Storage Requirements: Dense indexes on MS MARCO (8.8M documents) require 13 GiB compared to BM25’s 0.67 GiB
Rebuilding Costs: When models are retrained, entire indexes must be rebuilt – impractical for large collections
Computational Overhead: Neural models require significant processing power for both indexing and retrieval

Generative Retrieval Approaches

Generative Retrieval (GR) models attempt to internalize indexes within model parameters, avoiding traditional indexing entirely. These models directly predict document identifiers based on user queries. However, they face their own limitations:

Arbitrary Document Identifiers: Models using clustered or learned identifiers show poor generalization, especially with large document collections
Metadata-Based Approaches: Using document metadata (URLs, titles, keywords) offers better interpretability but remains limited by the quality and completeness of metadata

QueStER: A New Paradigm in Information Retrieval

Core Innovation

QueStER (Query Specification for Generative Retrieval) introduces a fundamental shift in how we approach generative retrieval. Instead of mapping queries to document metadata, QueStER generates search specifications that can be processed by established search technologies.
The key insight is simple yet powerful: generative models should generate search specifications rather than document identifiers. In its current implementation, QueStER generates keyword queries processed by BM25, but the framework can extend to structured specifications used in major search libraries like Lucene.

Three-Fold Advantage

This approach offers three significant benefits:

Leverages Optimized Search Technologies: By generating specifications for established search engines, QueStER taps into decades of optimization in retrieval algorithms and query languages
Eliminates Index Rebuilding: When the underlying neural network evolves, existing indexes remain functional
Enhances Explainability: Users can analyze generated queries, crucial for applications in law, medicine, and patents where transparency is essential

Technical Architecture and Implementation

System Overview

QueStER operates through a sophisticated pipeline that combines language model generation with traditional information retrieval:

Query Generation: An LLM generates multiple candidate query specifications
Retrieval Execution: Efficient index-based bag-of-words IR models process these specifications
Quality Assessment: Top-k retrieved results are evaluated using a cross-encoder reference
Reward Calculation: Expected nDCG (SoftNDCG) is computed from these assessments
Policy Optimization: Rewards drive updates to improve future query generation

Problem Formulation

The core challenge involves generating a query specification pθ(q) from an initial user query q that leads to both efficient and effective retrieval. Since the quality can only be evaluated using IR metrics, the problem is framed as reinforcement learning where:

Policy: The generation process pθ
Reward: An IR metric reflecting query quality
Goal: Learn a policy that generates higher-reward candidates

Policy Optimization with GRPO

QueStER uses Group-Relative Policy Optimization (GRPO) to train the rewriting policy. For each query, the system:

Samples a group of m candidates {qi}i=1m
Calculates associated rewards {ri}
Computes group-relative advantages ai = ri – r̄ (where r̄ is the group mean)
Applies clipped policy-gradient updates
Key implementation details include:

Reward standardization within each group
KL weight set to β=0 (no explicit KL penalty) to encourage exploration
Temperature τ=1.2 during training, τ=0 during inference for deterministic output

Prompt Engineering

After testing 50+ prompt candidates, researchers identified a minimal instruction that performs well zero-shot:

Generate relevant single-word keywords to improve retrieval performance. 
Only output unique keywords, separated by commas. 
[QUERY]: {query} 
[KEYWORDS]:

This simple yet effective prompt format maximizes nDCG@10 while maintaining clarity and consistency.

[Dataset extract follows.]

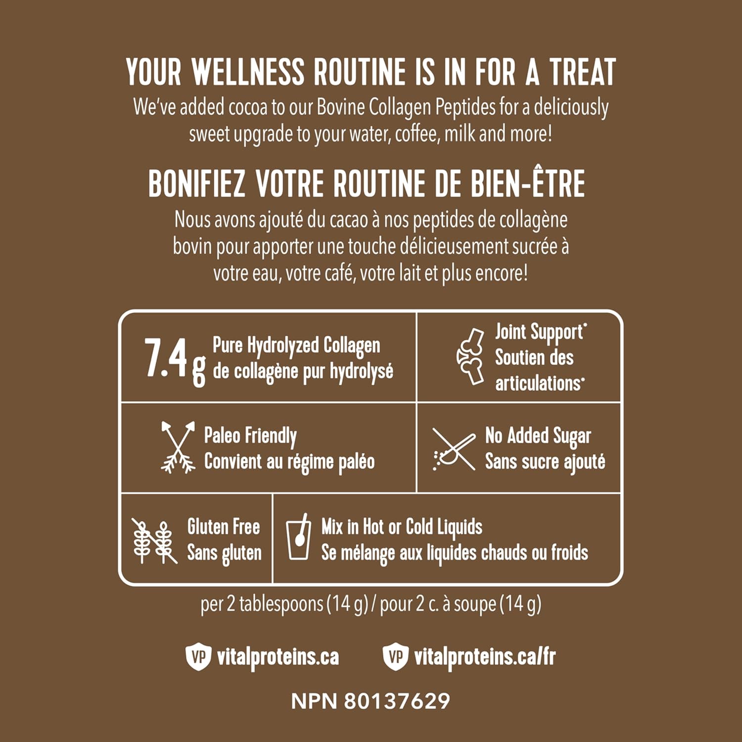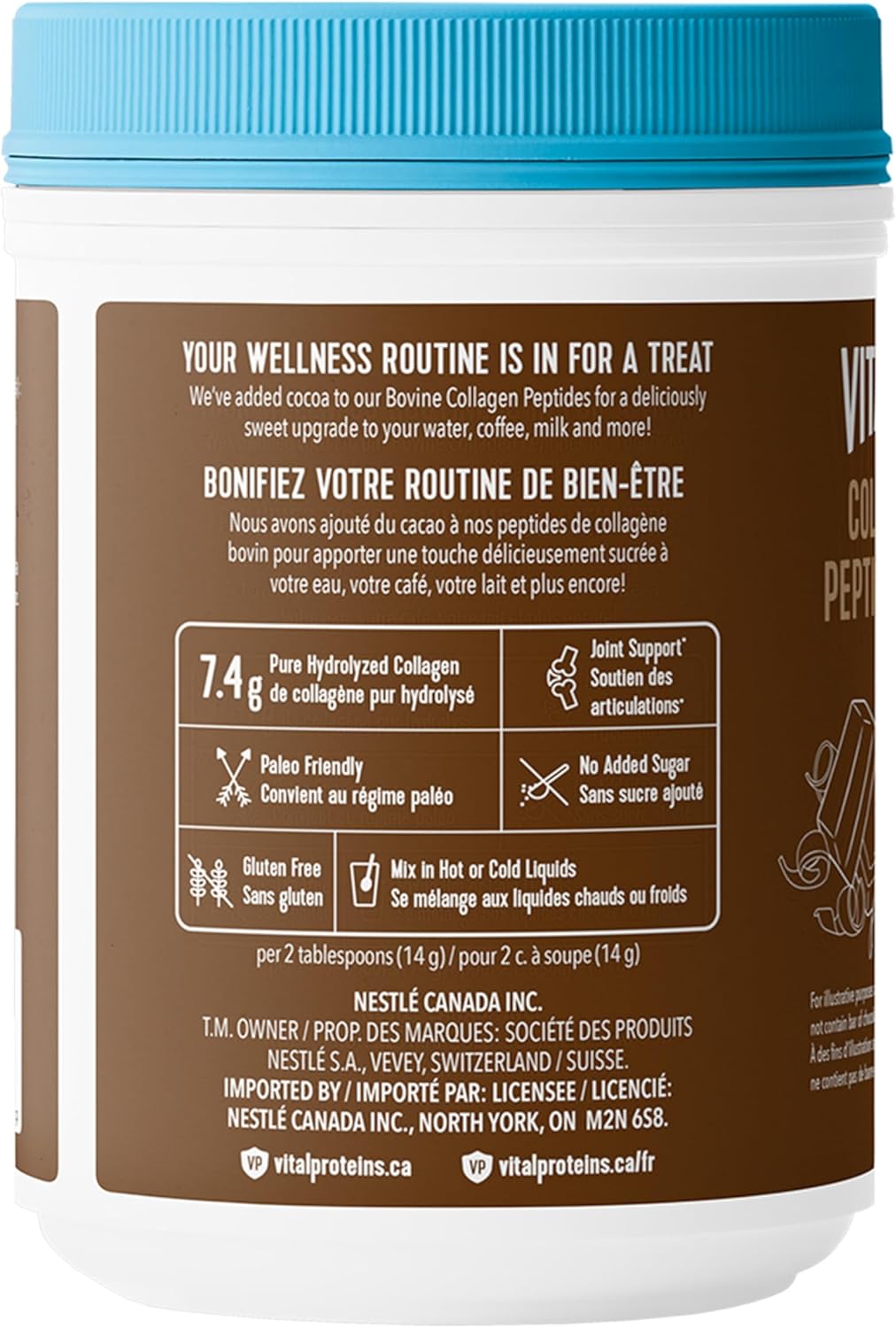 VITAL PROTEINS 巧克力牛胶原蛋白肽粉,有助于形成胶原蛋白并减轻与骨关节炎相关的关节疼痛,氨基酸来源,不添加糖,275 克

Reward Mechanism: SoftNDCG

Challenge with Traditional Metrics

Traditional nDCG presents limitations for reinforcement learning in IR contexts. When relevant documents are ranked after non-relevant ones, we need a reward that considers the magnitude of score differences, not just ranking order.

SoftRank Solution

QueStER employs SoftRank, which computes expected nDCG based on the assumption that search engine scores follow a normal distribution:
E(nDCG@k) = E( Σ_{i=1}^k relevance(d_i) / log₂(1+K_i) )
Where:

relevance(d_i) is the relevance of document d_i
K_i is a random variable representing document rank
Scores follow S(q,d) ~ N(se(q,d),νId)

Document Ranking Probability

The probability that document d_i ranks before d_j is given by:
p(d_i ≻ d_j) = σ((s_i – s_j)/ν)
Where σ is the sigmoid function and ν is the standard deviation. This formulation allows:

ν→0: Behavior approaches traditional nDCG
ν→∞: All documents have equal ranking probability
Moderate ν: Provides balance between stability and discriminability

Cross-Encoder Distillation

MS MARCO dataset evaluations rely on user clicks, which are incomplete and contain many false negatives. To address this, QueStER uses distillation – leveraging powerful cross-encoders to indicate document relevance, providing more reliable training signals.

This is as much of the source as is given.